Cardiovascular, Gastroenterology, Oncology
Case Western Reserve University
Harrington Scholar-Innovator
Oncology
Whether it affects one directly by diagnosis, or indirectly with a loved one’s diagnosis, cancer touches everyone. Cancer is the leading cause of death worldwide, accounting for 10 million deaths in 2020. After his father developed colon cancer, Dr. Markowitz dedicated his research to developing better treatments for cancer by understanding the genetic basis that makes one predisposed to the disease.
Dr. Markowitz and his team developed a small molecule to inhibit an enzyme 15-prostaglandin dehydrogenase (15-PGDH). 15-PGDH degrades prostaglandin E2, and inhibiting the enzyme invivo can potentiate injured tissue to repair damage from disease. The molecule is aimed at a pathway conserved in multiple organs, in which prostaglandin E2 speaks to the stem cells in damaged tissues to potentiate their ability to repair the tissue damage.
After receiving the Harrington Scholar-Innovator award in 2013, Dr. Markowitz’s goal was to take the first generation 15-PGDH inhibitor and turn it into something more drug-like, with improved chemistry, solubility, bioavailability, and stability, and begin to explore the toxicology of the on-target and the off-target toxicology.

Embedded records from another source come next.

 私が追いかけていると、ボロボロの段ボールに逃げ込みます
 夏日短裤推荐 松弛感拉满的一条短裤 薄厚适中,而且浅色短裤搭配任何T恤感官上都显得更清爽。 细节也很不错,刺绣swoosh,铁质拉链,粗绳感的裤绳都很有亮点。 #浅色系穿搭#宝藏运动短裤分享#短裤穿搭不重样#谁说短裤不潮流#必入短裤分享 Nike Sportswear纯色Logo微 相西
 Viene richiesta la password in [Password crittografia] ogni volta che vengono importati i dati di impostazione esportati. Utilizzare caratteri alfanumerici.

With the second generation compounds completed during the Harrington award period, Dr. Markowitz was able to show in animal models—mouse colitis, liver regeneration, and bone and marrow transplant—that either genetic knockout of the degradation pathway or providing the small molecule inhibitors enabled multiple different damaged tissues to repair themselves efficiently.
A year after the Scholar-Innovator award term ended, Dr. Markowitz was able to license their program out and form a new start-up company called Rodeo Therapeutics. They worked with Rodeo Therapeutics for three years, which resulted in 3rd and 4th generation compounds, as well as invivo toxicology in rodents and dogs.

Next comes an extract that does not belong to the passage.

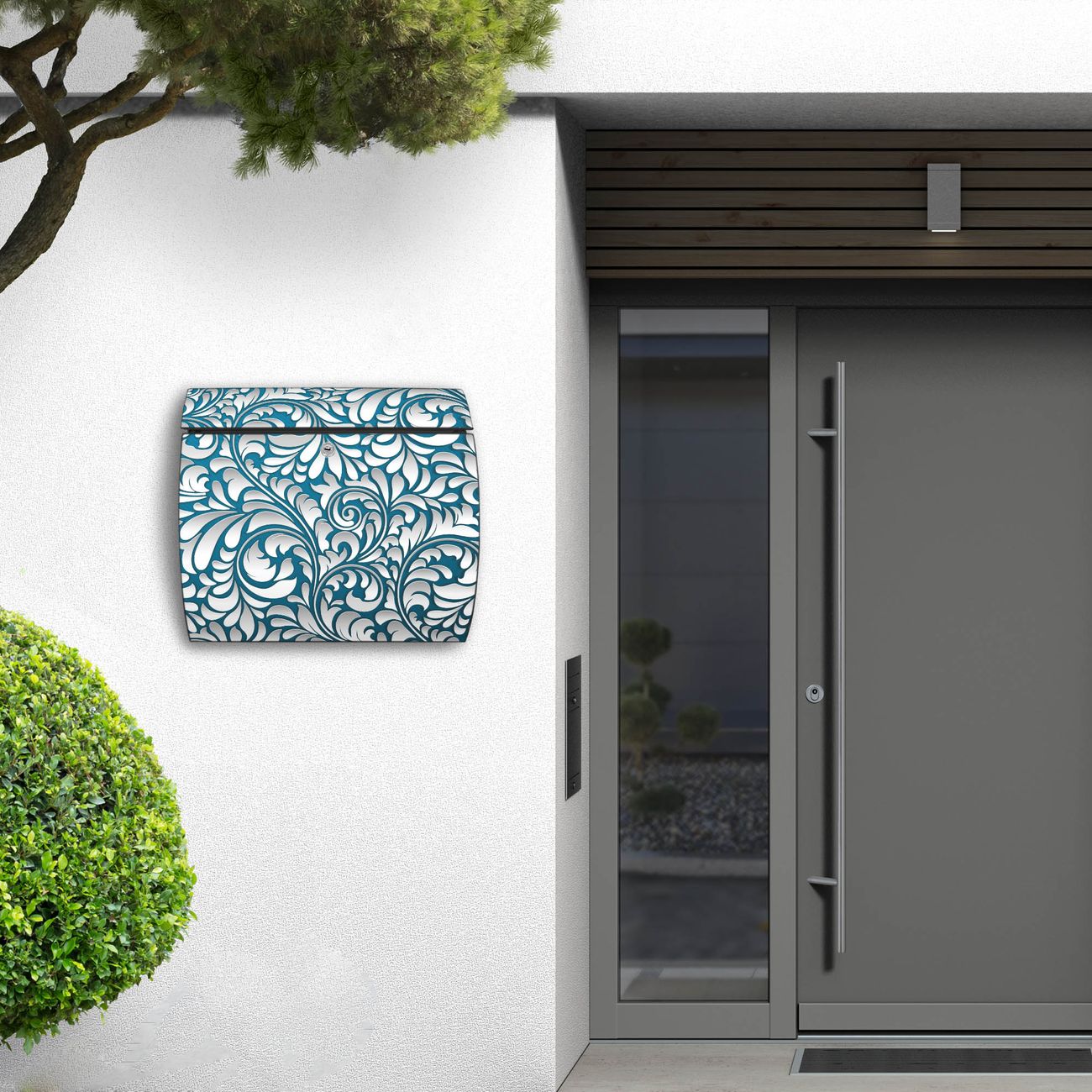 FUNKTION: DESIGN: Das Burg Wächter Modell Toscana mit Motiv Opulente Ranke hat ein sehr ansprechendes und zeitloses Design und ist besonderes wetterfest. Heben Sie Sich von der tristen grauen Masse ab, ohne auf Funktionalität zu verzichten. Wir bieten Ihnen ebenfalls Namensschilder, bereits beschriftet oder frei zu beschriften, und verschiedene selbst gestaltete Bitte-Keine-Werbung-Aufkleber. DETAILS: Der Postkasten besteht aus vollflächig verzinktem Stahl welcher in Anthrazit oder Weiß lackiert wurde oder aus Edelstahl (je nach gewählter Variante). Das Motiv besteht aus einer wetter- und UV-festen Folie, die mit einem Schutzlaminat überzogen ist, durch die Ihren Briefkasten zusätzlich vor Kratzern geschützt ist und auf den Briefkasten kaschiert wurde. Sie erhalten zu Ihrem neuen Design Briefkasten 2 Schlüssel sowie das passende Montagematerial. BANJADO: Ihr Briefkasten wird von Burg Wächter in Deutschland gefertigt und in unserer kleinen Manufaktur von Hand veredelt. Die Motivfolie ist lösungsmittelfrei und schutzlaminiert, dies sorgt für einen langen Halt. Wir legen großen Wert auf die Verbindung von Funktionalität und Design. Sie erhalten besondere Handarbeit aus Sachsen und Made in Germany.

In April 2021, Rodeo was acquired by AMGEN, a biotechnology and pharmaceutical company.
Dr. Markowitz’s hopeful next step for his drug is to take it to human trials.
“The company was based on work our team published in Science, but in truth, the crucial catalytic step was the support I first received from the Harrington Discovery Institute that provided the financial resources and indispensable mentoring and guidance in how to move an idea from the lab into the drug development pipeline.”